Targeted metabolomics combined with network pharmacology to reveal the protective role of luteolin in pulmonary arterial hypertension.

Pulmonary arterial hypertension (PAH) is a progressive disease that significantly endangers human health, where metabolism may drive pathogenesis: a shift from mitochondrial oxidation to glycolysis occurs in diseased pulmonary vessels and the right ventricle. An increase in pulmonary vascular resistance in patients with heart failure with a preserved ejection fraction portends a poor prognosis. Luteolin exists in numerous foods and is marketed as a dietary supplement assisting in many disease treatments. However, little is known about the protective effect of luteolin on metabolism disorders in diseased pulmonary vessels.

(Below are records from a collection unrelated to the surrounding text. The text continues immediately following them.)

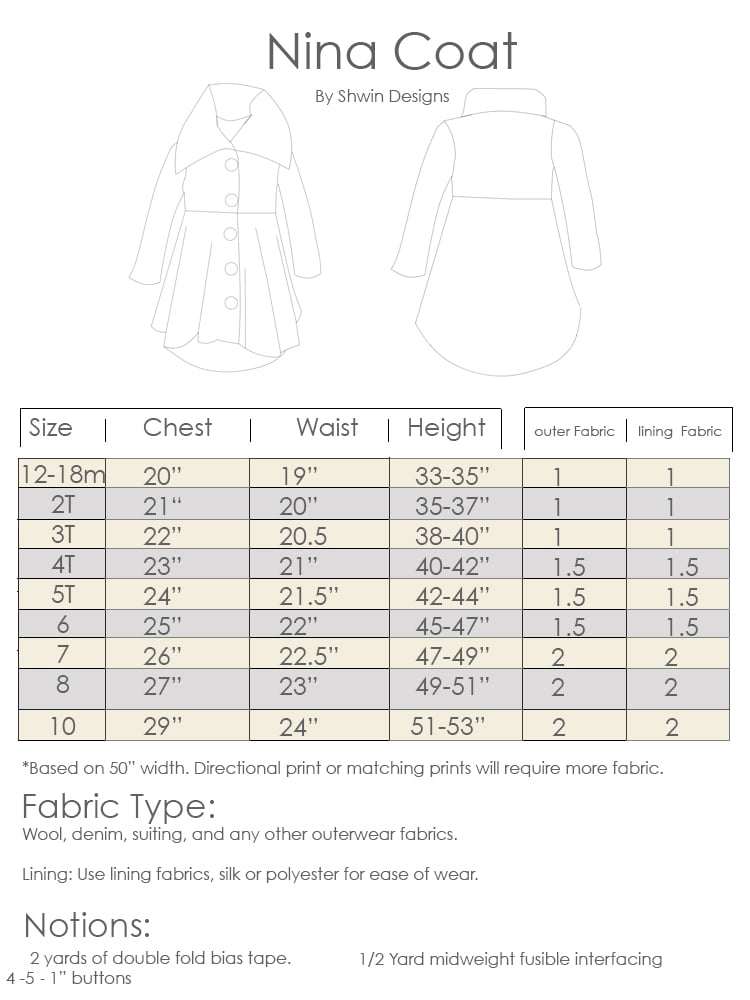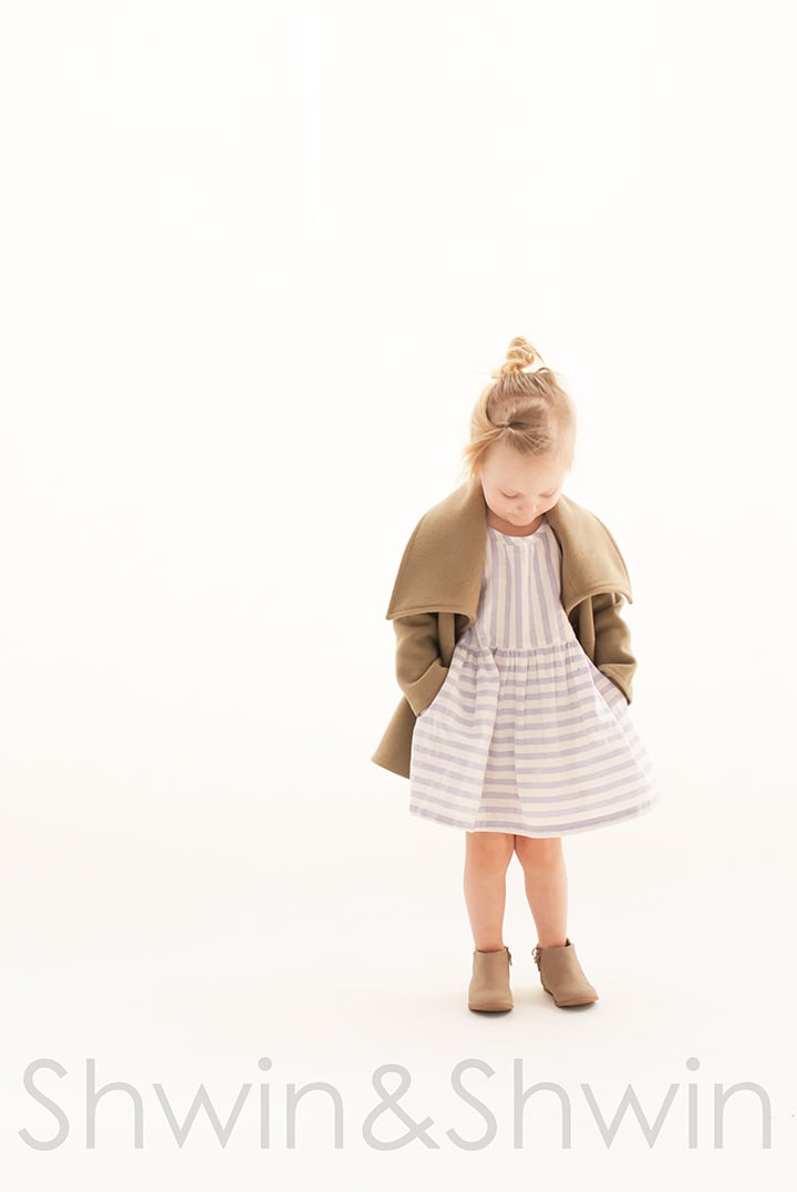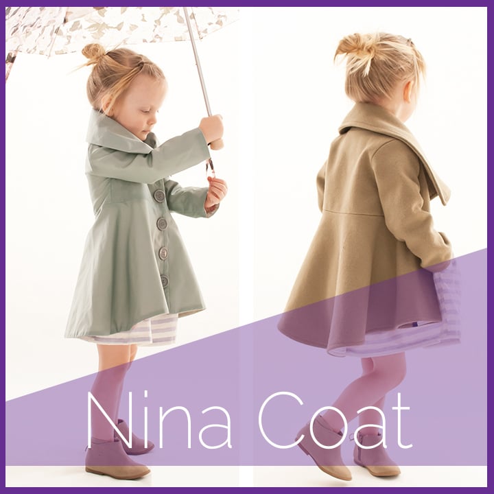 The Nina Coat Pattern has a hi low flared skirt that adds style and a girly flare, front button and oversized collar top this off to be a stylish and adorable coat. Make it from heavy outerwear fabric for a dressy winter coat or from light weight fabrics for the perfect spring coat. You can even make it from waterproof fabric for a stunning rain coat.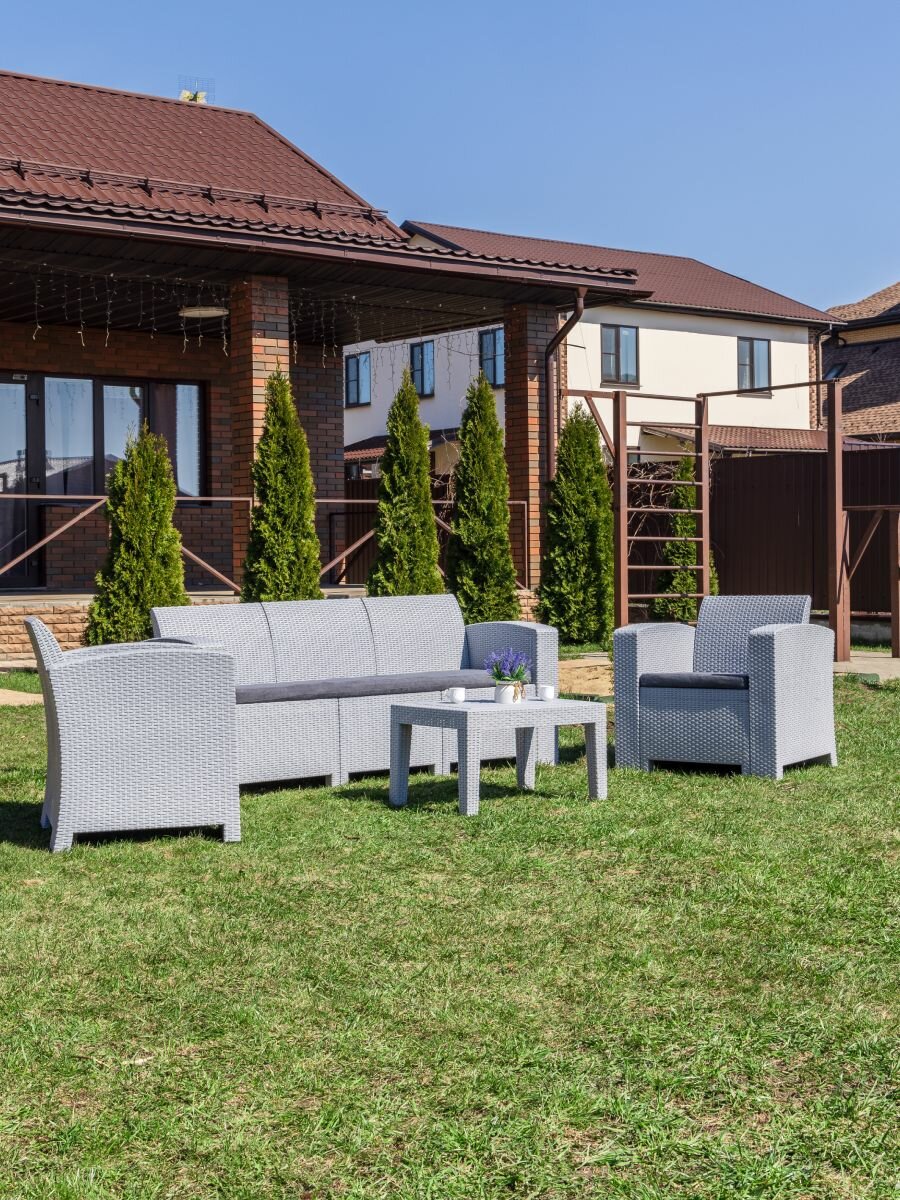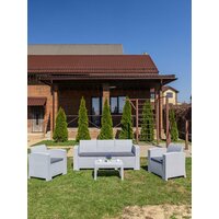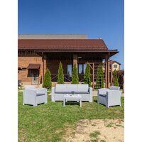 Кресла LANA (2 шт.): Глубина кресла - 65 см. Ширина кресла - 78 см. Высота кресла - 77 см. Глубина сиденья - 49 см. Ширина сиденья - 52 см. Высота сиденья без подушки - 38 см. Высота сидения с подушкой - 43 см. Максимальная нагрузка на кресло - 120 кг. Разборная конструкция - да Подушка в комплекте - да Материал наполнителя подушки - поролон Материал чехла на подушку - полиэстер Материал каркаса - УФ-стабилизированный полипропилен окрашенный в массе с повышенной прочностью Кофейный столик LANA: Размер столика - 70.5 х 50.5 х 38.5 см. Разборная конструкция - да Материал каркаса - УФ-стабилизированный полипропилен окрашенный в массе с повышенной прочностью Диван трехместный LANA: Материал каркаса - УФ-стабилизированный полипропилен окрашенный в массе с повышенной прочностью Подушка в комплекте - да Материал наполнителя подушки - поролон Материал чехла на подушку - полиэстер Размер дивана: Глубина дивана - 65 см. Ширина дивана - 182 см. Высота дивана - 76 см. Глубина сиденья - 49 см. Ширина сиденья - 157 см. Высота сиденья без подушки - 38 см. Высота сидения с подушкой - 44 см. Разборная конструкция - да Максимальная нагрузка на диван - 120 кг.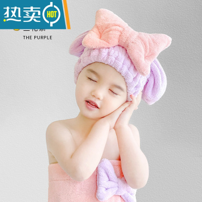 敬平儿童干发帽女童吸水速干擦头发毛巾洗头包头巾宝宝浴帽干发巾 兰花紫干发帽
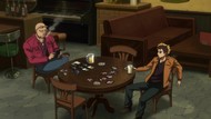 Plus, to continue harping on about the animation, that's still sucking too. Fighting a giant mutant zombie panda absolutely could've at least looked decent, but two slashes and it falls over while Handsy Man and Kid Bat wander off. What was even the point of that kid while we're at it? Some future nonsense, no doubt, but we're already lacking in the present, and I somehow doubt that whatever Handsy Man's backstory/relationship is with the kid is going to be compelling enough for this to have been strung out like it is.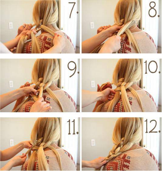 На фото ниже представлена подробная схема плетения, которая позволит без труда создать на длинных локонах оригинальную прическу.

In this study, we found that luteolin apparently reversed the pulmonary vascular remodeling of PAH rats by inhibiting the abnormal proliferation of pulmonary artery smooth muscle cells (PASMCs). Moreover, network pharmacology and metabolomics results revealed that the arachidonic acid pathway, amino acid pathway and TCA cycle were dysregulated in PAH. A total of 14 differential metabolites were significantly changed during the PAH, including DHA, PGE2, PGD2, LTB4, 12-HETE, 15-HETE, PGF2α, and 8-iso-PGF2α metabolites in the arachidonic acid pathway, and L-asparagine, oxaloacetate, N-acetyl-L-ornithine, butane diacid, ornithine, glutamic acid metabolites in amino acid and TCA pathways. However, treatment with luteolin recovered the LTB4, PGE2, PGD2, 12-HETE, 15-HETE, PGF2α and 8-iso-PGF2α levels close to normal. Meanwhile, we showed that luteolin also downregulated the gene and protein levels of COX 1, 5-LOX, 12-LOX, and 15-LOX in the arachidonic acid pathway. Collectively, this work highlighted the metabolic mechanism of luteolin-protected PAH and showed that luteolin would hold great potential in PAH prevention.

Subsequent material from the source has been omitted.